Member of Parliament for Berkshire
- In office 1835-1852

Member of Parliament for Cashel
- In office 1831-1832

Member of Parliament for Chippenham
- In office 1830-1831

Member of Parliament for Rye
- In office 1830

Personal details
- Born: 25 June 1799
- Died: 9 July 1855 (aged 56)
- Political party: Tory
- Spouse: Emily Herbert ​(m. 1822)​
- Parent: Philip Bouverie-Pusey (father);
- Relatives: Edward Pusey (brother)

= Philip Pusey =

British agriculturist and politician

Philip Pusey (25 June 1799 – 9 July 1855) was a reforming agriculturalist, a Tory Member of Parliament (MP) and a friend and follower of Sir Robert Peel.

==Life==
Pusey stood for election in Rye at a by-election in 1830 and was originally declared elected, but following an election petition he was unseated by an order of the House of Commons on 17 May 1830.

He did not contest Rye at the 1830 general election, when he was elected as a Member for Chippenham. He did not contest Chippenham at the 1831 election, and stood instead in Rye. After riots in the town hall, Pusey agreed to withdraw from the election in return for a guarantee from General De Lacy Evans to protect the peace of the town; Evans won the seat.

Pusey was then returned at an uncontested by-election in July 1831 for the borough of Cashel in Ireland, and held that seat until the 1832 general election, when he stood unsuccessfully in Berkshire. He was elected without a contest for Berkshire at the 1835 general election, and held the seat until he retired from the House of Commons at the 1852 general election.

He was appointed as a Deputy Lieutenant of Berkshire in January 1831, and was nominated as High Sheriff of Berkshire in November 1833 and again in November 1834.

Succeeding to the Manor of Pusey in Berkshire in 1828, he built a reputation as a progressive and practical farmer. Disraeli called him "one of the most distinguished country gentlemen who ever sat in the House of Commons". His most notable contribution to farming was the development of a system of using lush water-meadows to support large flocks of ewes and early-maturing lambs. He was an early advocate of the use of earthenware drainpipes for field drainage.

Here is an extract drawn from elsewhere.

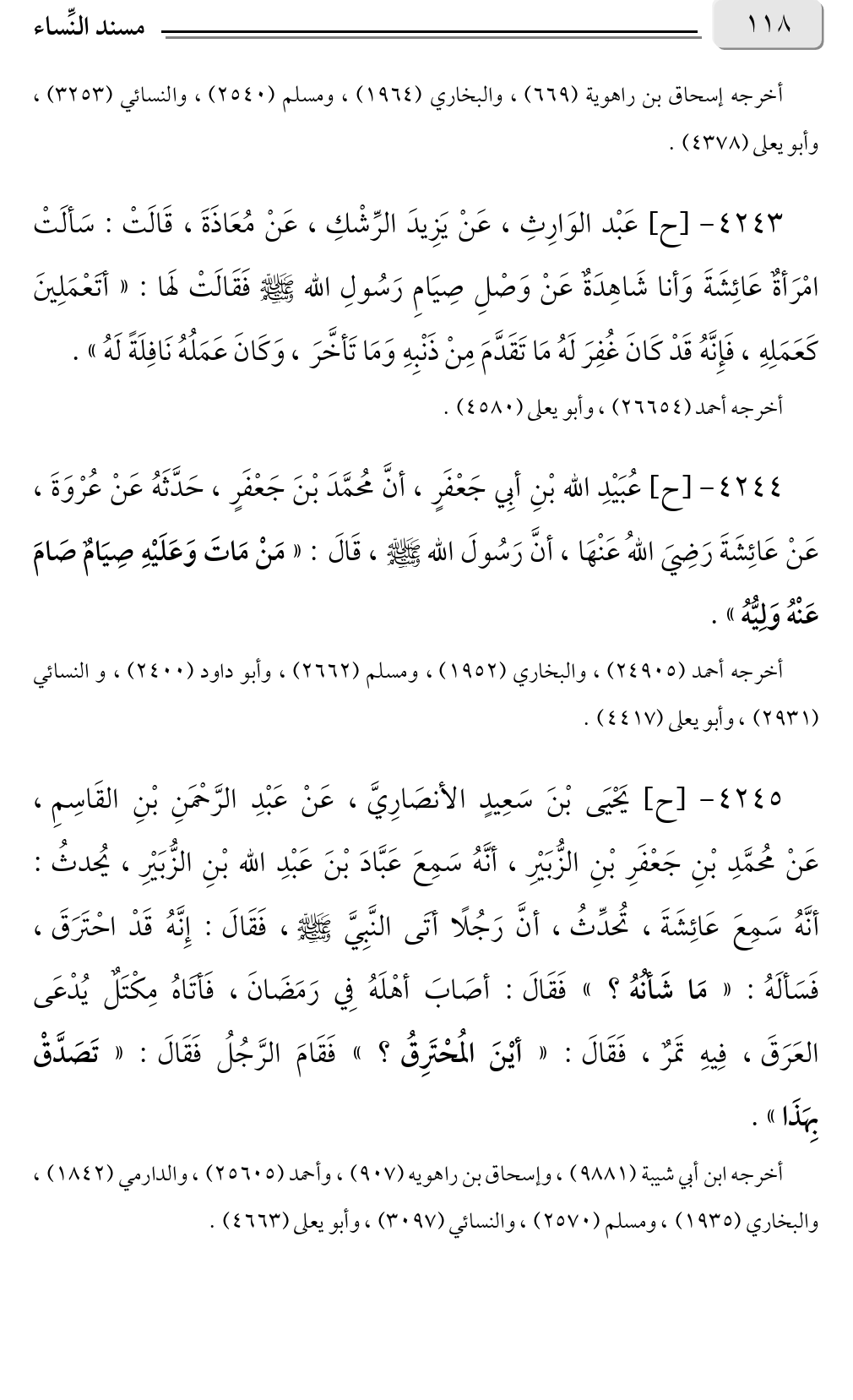 أخرجه أحمد (٢٤٩٠٥)، والبخاري (١٩٥٢)، ومسلم (٢٦٦٢)، وأبو داود (٢٤٠٠)، والنسائي (٢٩٣١)، وأبو يعلى (٤٤١٧).
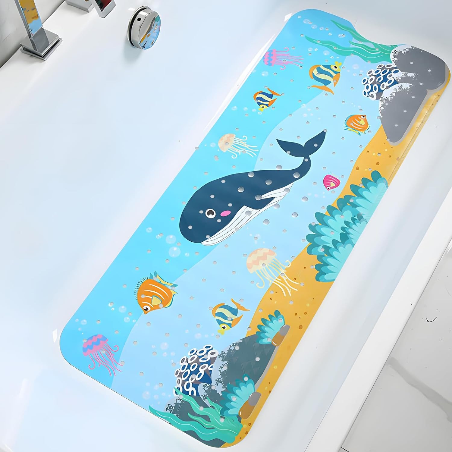 Baby Bath Mat Non Slip Anti Mould, Extra Long Bath Shower Tub Mat 100 x 40cm with Suction Cups and Drain Holes, Cartoon Patterned Kids Shower Mats, Machine Washable (Whale)

He was one of the founders of the Royal Agricultural Society, and was chairman of the agricultural implement section of the Great Exhibition of 1851. He was a fellow of the Royal Society, a writer on varied topics in the Journal of the Royal Agricultural Society and the translator of the hymn Lord of our Life and God of our Salvation.

==Family==
The eldest son of Philip Bouverie-Pusey, Pusey was the elder brother of the churchman Edward Bouverie Pusey. He married Lady Emily Herbert, daughter of Henry Herbert, 2nd Earl of Carnarvon, in 1822.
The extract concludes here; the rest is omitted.